• _TASK PROMPT_
Transcribe the lines below exactly, beginning with the line that holds "Figure 43. 25DW360" and ending with the final line, both included. Pictures are to be left out.

• _PROVIDED DATA_
※

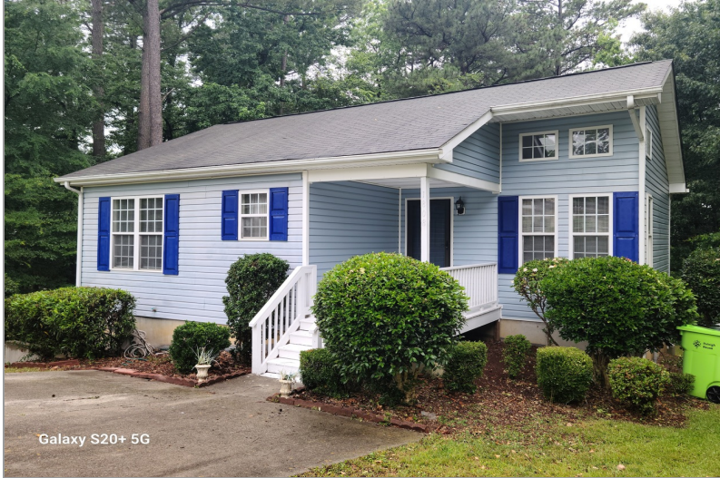
Galaxy S20+ 5G
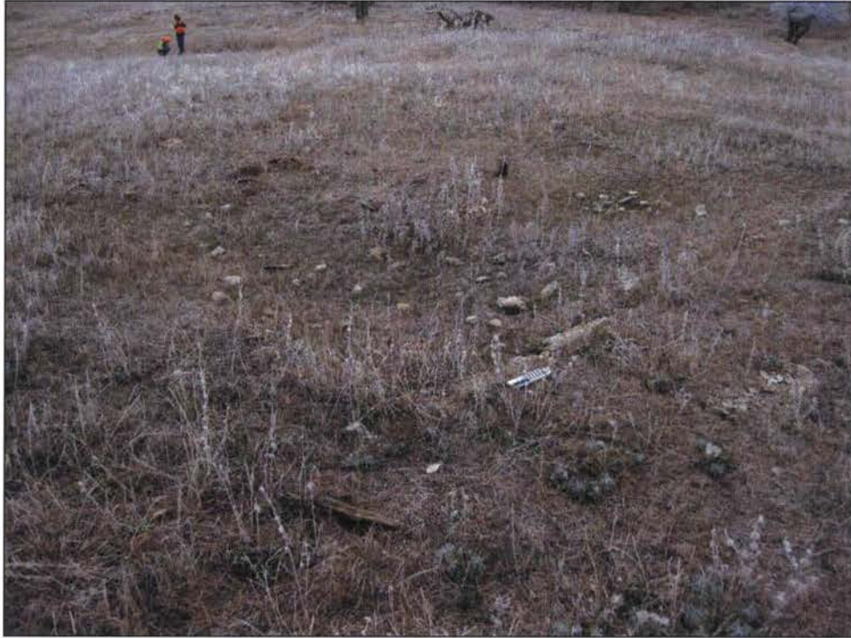
Figure 43. 25DW360 Feature F8, foundation, facing northwest. Photograph taken by Shane Rosenthal, on 11/20/2010.
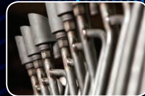
Flare Parts & Ignition Systems

※

• _SOLUTION TO THIS PROBLEM_
Figure 43. 25DW360 Feature F8, foundation, facing northwest. Photograph taken by Shane Rosenthal, on 11/20/2010.
Flare Parts & Ignition Systems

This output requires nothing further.